See, this is weird. I've stated numerous times that my position is that the extra die can be used until the DM narrates success or failure and that the design space I'm talking about is that space between the die roll and the DM narrating success or failure. You deny there's such a space, but then you repeat back what I've been saying. 🤷‍♂️
 
Last edited:

Harzel

Explorer
To me, this just doesn't follow. What about the narrative of a character that's muddling through some task and is likely to fail, only to receive some burst of inspiration or divine guidance at a critical moment that allows him/her to succeed? That type of intercession can come at any moment.
There are two things bundled here that I would separate. One is the 'burst' of inspiration/guidance notion; that seems like a good narrative reason for allowing the inspiration/guidance to be applied regardless of the duration of the task. The other is the notion that when a character is 'likely to fail', they will be aware of that and that the player knowing the d20 roll is a good model for that.

Ok, now a weird thing has just happened to me. When I started the last sentence of the previous paragraph, I thought I was about to argue against, e.g., the bard being allowed to grant inspiration after the d20 roll. However, if one embraces the 'burst of inspiration' notion and justifies the RAW 'player can see the d20 roll before using inspiration' as 'character suspects they are failing and seeks extraordinary assistance', then disallowing the bard granting inspiration after the d20 roll would mean drawing a distinction between the character doing the task suspecting they were failing and the bard suspecting they were failing.
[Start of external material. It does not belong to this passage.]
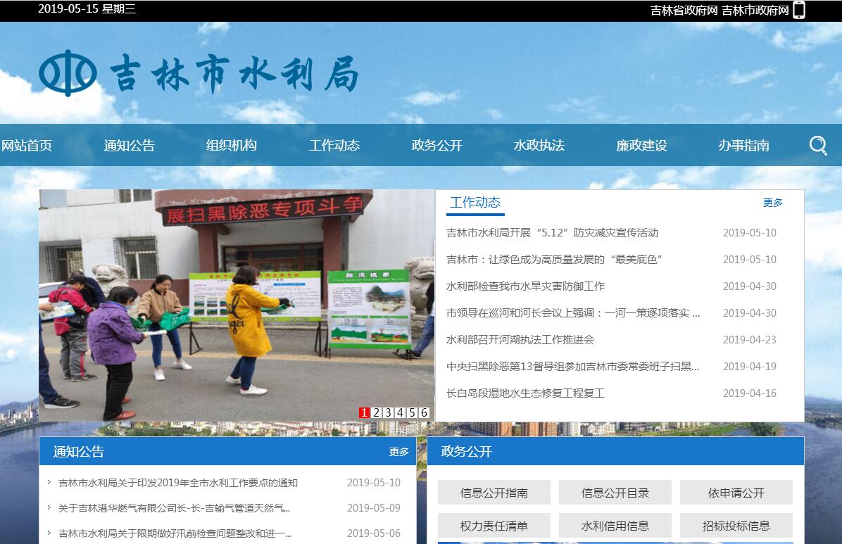 吉林市水利局主要职责:(一)贯彻实施国家、省有关水利、水产工作的方针、政策和法律、法规;拟订全市水利、水产工作的发展战略和中长期规划,组织起草有关法规、规章并监督实施。(二)统一管理全市水资源(含空中水、地表水、地下水)。组织拟订全市和跨县(市)区水长期供求计划、水量分配方案并监督实施;组织有关国民经济总体规划、城市规划及重大建设项目的水资源和防洪的论证工作;组织实施取水许可制度和水资源费征收制度;发布全市水资源公报。(三)拟订节约用水政策、编制全市节约用水规划,制定有关标准,组织、指导和监督节约用水工作。(四)按照国家和省资源与环境保护的有关法律、法规和标准,拟订全市水资源保护规划;组织水功能区的划分和向饮水区等水域排污的控制;监测江河湖库的水量、水质,审定水域纳污能力;提出限制排污总量的意见。(五)组织指导全市水政监察和水行政执法;协调并仲裁部门间和县(市)区间的水事纠纷。(六)拟订全市水利行业的经济调节措施,会同有关部门对水利资金的使用进行宏观调节;指导全市水利行业的供水、水电及多种经营工作;研究提出有关水利的价格、税收、信贷、财务等经济调节意见。(七)编制、审查全市大中型水利基建项目建议书和可行性研究报告;组织全市水利、水产、水土保持科学研究和技术推广工作;贯彻执行国家和省颁布的水利行业的技术质量标准和水利工程规程、规范,结合本市实际拟订相关规定和细则,并监督实施。(八)组织、指导全市水利设施、水域及其岸线的管理与保护,组织指导主要江河湖库的治理与开发;组织建设和管理具有控制性的或跨县(市)区的重要水利工程;组织指导水库、水电站大坝的安全监管。(九)指导全市农村水利工作;组织协调全市农田水利基本建设、农村水电电气化和乡镇供水工作。(十)组织协调全市水土保持工作;研究制定水土保持中长期规划;组织水土流失的监测和综合防治。(十一)负责全市水利方面的科技和外事工作;指导全市水利队伍建设。(十二)承担市人民政府防汛抗旱指挥部的具体工作。组织、协调、监督、指导全市防洪工作;对主要江河和重要水利工程实施防汛抗旱调度。(十三)拟订全市水产发展战略和中长期规划,组织、指导全市水产工作;组织、指导全市渔业基础设施建设与管理;负责保护渔业水域生态环境和水生野生动植物工作;代表国家行使渔船检验和渔政、渔港监督管理权;协调处理重大渔事纠纷。(十四)承办市政府交办的其他事项。

Provided that the fictional situation is such that the bard and the other character can communicate, that seems like a fine line to be drawing (particularly in a cooperative, group-oriented game).

I'm not exactly sure what the common problems are, other than the report of "spamming" which started these threads. It seems to me that "spamming" is kind of what cantrips are made for, so I'm still not sure how it's a problem. I'm certainly not recommending any changes to the spell. As I posted in the other thread, I think transparently known DCs, coupled with no imposed restriction on casting after a check has been rolled, immediately reduces the number of ability checks for which guidance will be (perceived to be) useful.
Two things here. First, the PH says this about Bardic Inspiration.

PH said:
The creature can wait until after it rolls the d20 before deciding to use the Bardic Inspiration die, but must decide before the DM says whether the roll succeeds or fails.
Disclosing DCs renders the second clause moot, which to me means this contravenes RAW. That's fine, but seems like it should be acknowledged.

Second, your 'solution' to guidance spamming shows misunderstanding of the dislike for it (in a way that, frankly, seems almost willful). The issue is not the image of the cleric wandering about constantly muttering under their breath requesting a minor divine intercession (although that's eye-rolling by itself), nor is it the actual rolling of d4s; it's having a d4 added to every. single. ability. check. Being able to check whether you actually needed the boost before rolling the extra die is completely irrelevant (and actually probably just complicates the process by adding a decision point).
 
There are two things bundled here that I would separate. One is the 'burst' of inspiration/guidance notion; that seems like a good narrative reason for allowing the inspiration/guidance to be applied regardless of the duration of the task. The other is the notion that when a character is 'likely to fail', they will be aware of that and that the player knowing the d20 roll is a good model for that.

Ok, now a weird thing has just happened to me. When I started the last sentence of the previous paragraph, I thought I was about to argue against, e.g., the bard being allowed to grant inspiration after the d20 roll. However, if one embraces the 'burst of inspiration' notion and justifies the RAW 'player can see the d20 roll before using inspiration' as 'character suspects they are failing and seeks extraordinary assistance', then disallowing the bard granting inspiration after the d20 roll would mean drawing a distinction between the character doing the task suspecting they were failing and the bard suspecting they were failing. Provided that the fictional situation is such that the bard and the other character can communicate, that seems like a fine line to be drawing (particularly in a cooperative, group-oriented game).



Two things here. First, the PH says this about Bardic Inspiration.



Disclosing DCs renders the second clause moot, which to me means this contravenes RAW. That's fine, but seems like it should be acknowledged.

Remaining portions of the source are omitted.